(Aim of the exercise)
Reproduction of part of the material below, pictures omitted: copy exactly, and only, the lines starting with the one with "仪式上,王云鹏为28名新生代" and going on through the one with "泰州市強達不銹鋼絲繩有限公司".

(Records supplied)
......

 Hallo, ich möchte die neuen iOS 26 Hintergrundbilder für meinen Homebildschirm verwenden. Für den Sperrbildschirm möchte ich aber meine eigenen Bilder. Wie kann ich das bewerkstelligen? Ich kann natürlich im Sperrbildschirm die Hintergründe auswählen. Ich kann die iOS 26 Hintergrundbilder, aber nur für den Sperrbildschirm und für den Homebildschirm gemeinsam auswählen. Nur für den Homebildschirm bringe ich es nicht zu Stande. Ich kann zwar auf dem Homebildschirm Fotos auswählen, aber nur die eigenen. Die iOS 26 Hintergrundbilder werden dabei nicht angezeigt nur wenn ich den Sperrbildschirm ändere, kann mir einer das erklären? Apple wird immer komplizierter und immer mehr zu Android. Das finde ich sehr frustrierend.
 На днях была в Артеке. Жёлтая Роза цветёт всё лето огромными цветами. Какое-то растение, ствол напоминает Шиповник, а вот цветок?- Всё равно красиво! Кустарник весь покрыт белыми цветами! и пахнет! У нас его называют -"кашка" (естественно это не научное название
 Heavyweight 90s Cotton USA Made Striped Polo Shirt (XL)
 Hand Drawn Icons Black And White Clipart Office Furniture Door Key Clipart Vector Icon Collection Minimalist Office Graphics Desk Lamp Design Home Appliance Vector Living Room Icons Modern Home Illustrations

......

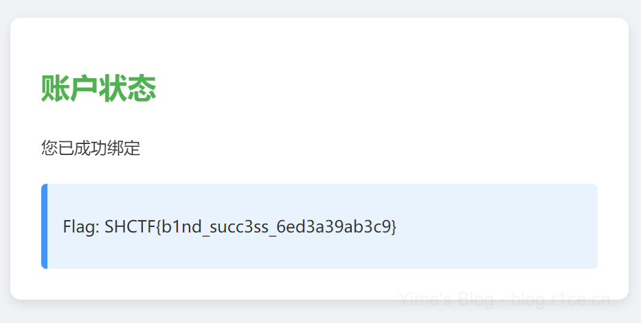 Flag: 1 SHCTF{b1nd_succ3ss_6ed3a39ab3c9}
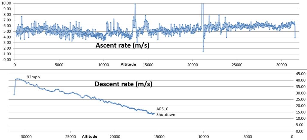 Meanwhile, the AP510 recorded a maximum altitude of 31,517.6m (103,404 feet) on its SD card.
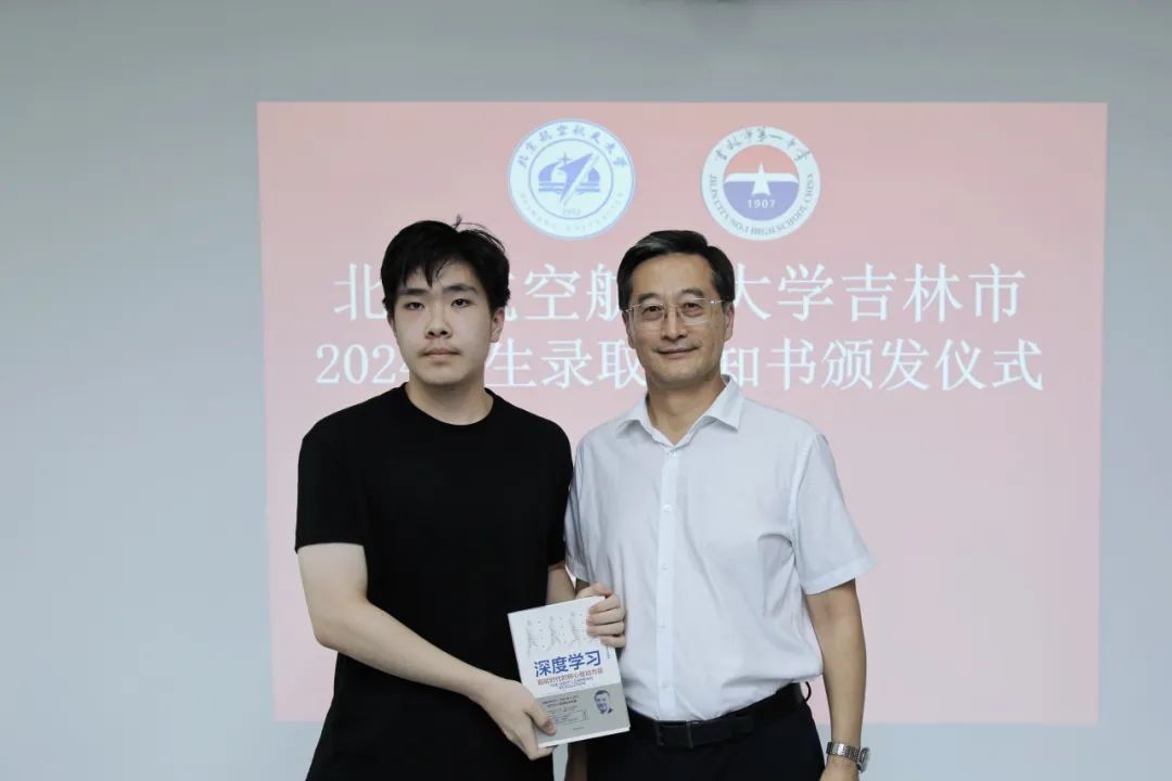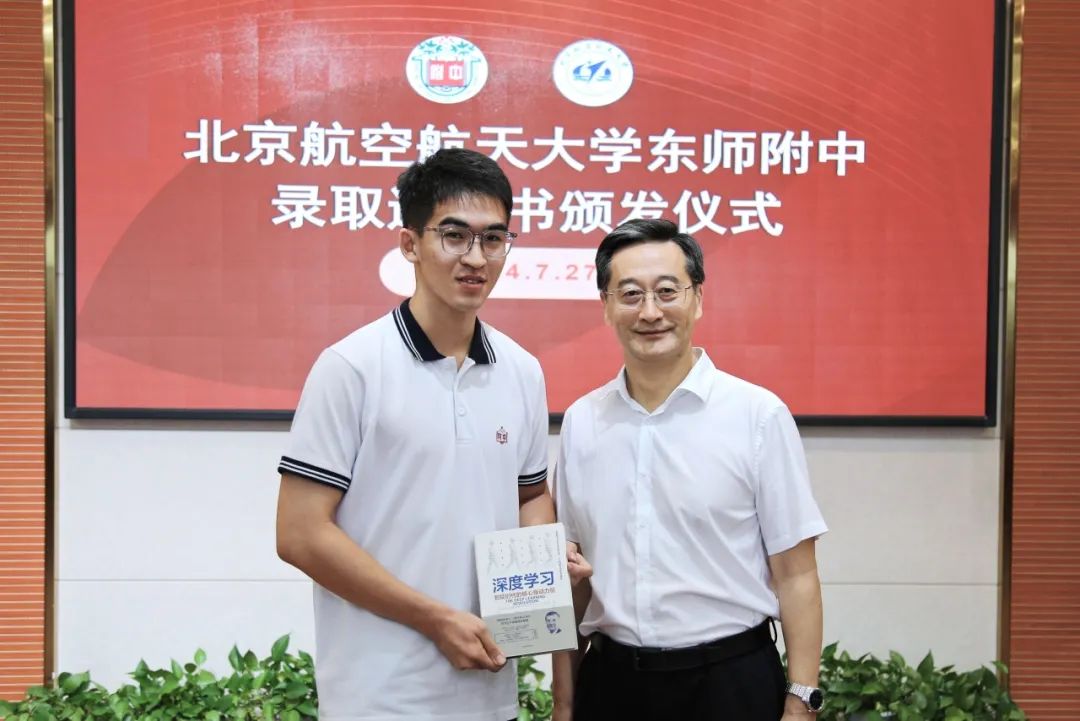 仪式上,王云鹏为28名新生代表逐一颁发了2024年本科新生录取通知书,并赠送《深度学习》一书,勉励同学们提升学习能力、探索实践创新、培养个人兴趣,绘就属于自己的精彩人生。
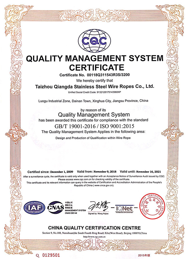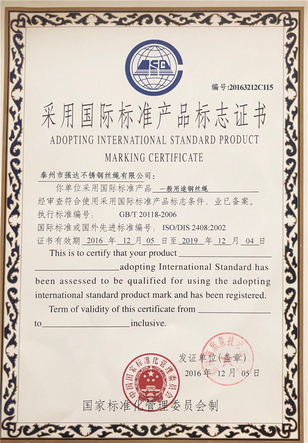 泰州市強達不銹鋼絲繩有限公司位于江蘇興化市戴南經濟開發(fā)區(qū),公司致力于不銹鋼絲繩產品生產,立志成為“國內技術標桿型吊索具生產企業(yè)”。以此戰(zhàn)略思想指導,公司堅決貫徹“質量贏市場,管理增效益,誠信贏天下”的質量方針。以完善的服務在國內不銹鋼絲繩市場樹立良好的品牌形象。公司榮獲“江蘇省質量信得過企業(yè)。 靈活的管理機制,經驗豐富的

......

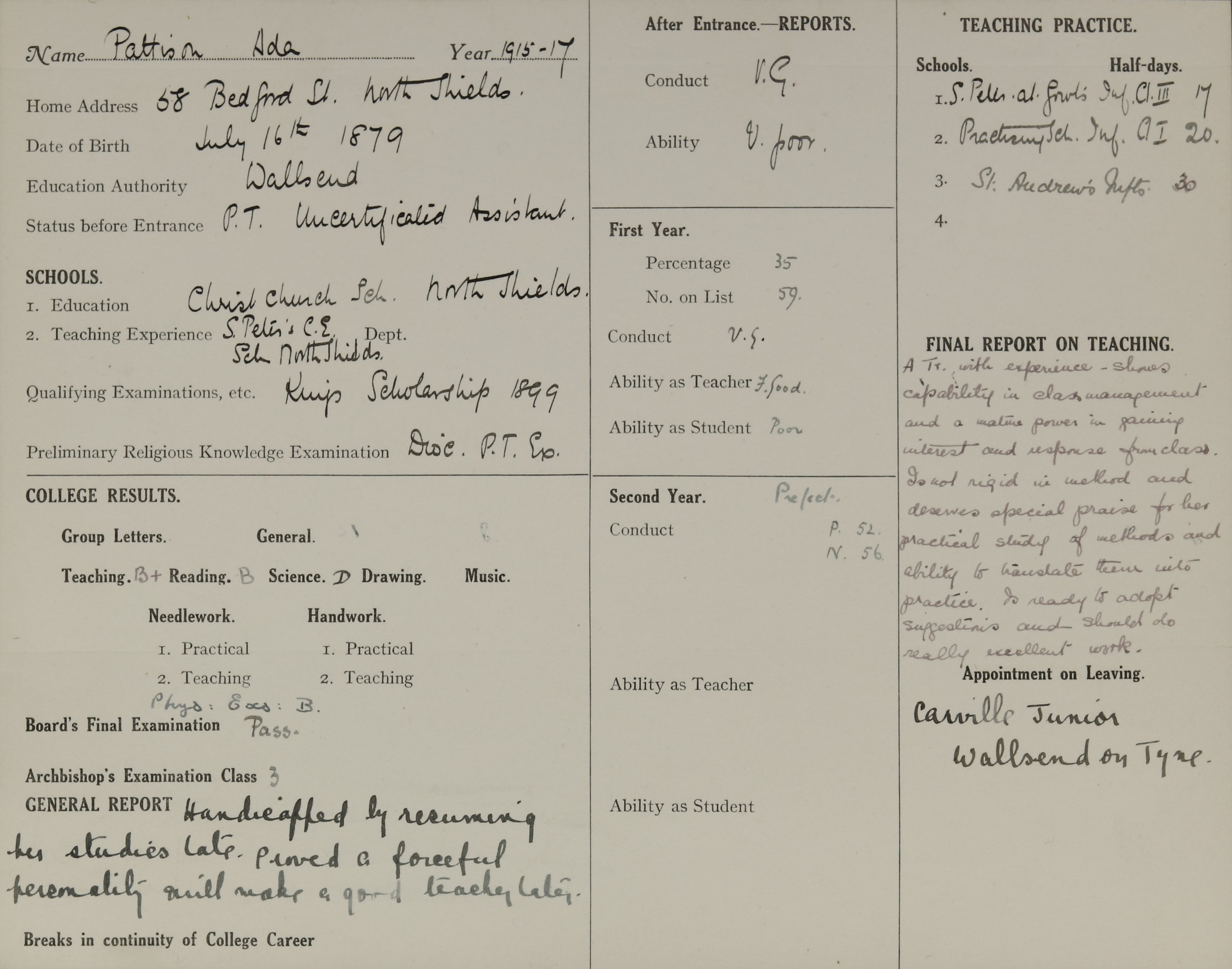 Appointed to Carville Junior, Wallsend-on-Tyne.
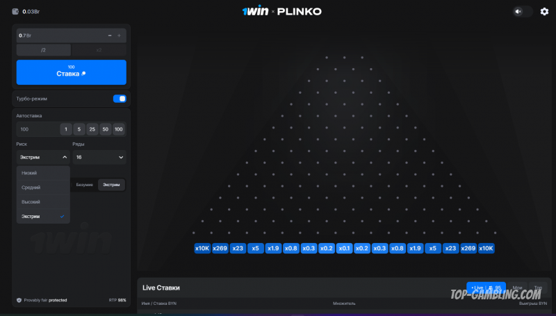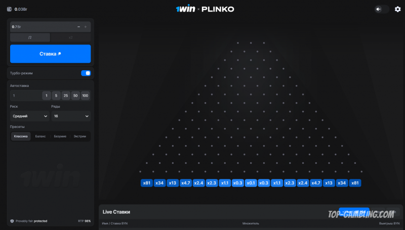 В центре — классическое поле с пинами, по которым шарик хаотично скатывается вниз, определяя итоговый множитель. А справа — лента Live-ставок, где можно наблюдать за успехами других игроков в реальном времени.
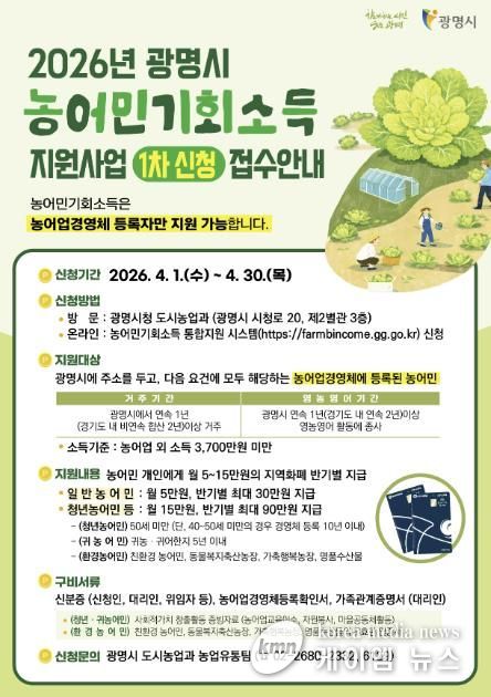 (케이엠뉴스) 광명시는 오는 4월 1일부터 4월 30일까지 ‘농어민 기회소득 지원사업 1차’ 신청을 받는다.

......

(Result)
 仪式上,王云鹏为28名新生代表逐一颁发了2024年本科新生录取通知书,并赠送《深度学习》一书,勉励同学们提升学习能力、探索实践创新、培养个人兴趣,绘就属于自己的精彩人生。
 泰州市強達不銹鋼絲繩有限公司位于江蘇興化市戴南經濟開發(fā)區(qū),公司致力于不銹鋼絲繩產品生產,立志成為“國內技術標桿型吊索具生產企業(yè)”。以此戰(zhàn)略思想指導,公司堅決貫徹“質量贏市場,管理增效益,誠信贏天下”的質量方針。以完善的服務在國內不銹鋼絲繩市場樹立良好的品牌形象。公司榮獲“江蘇省質量信得過企業(yè)。 靈活的管理機制,經驗豐富的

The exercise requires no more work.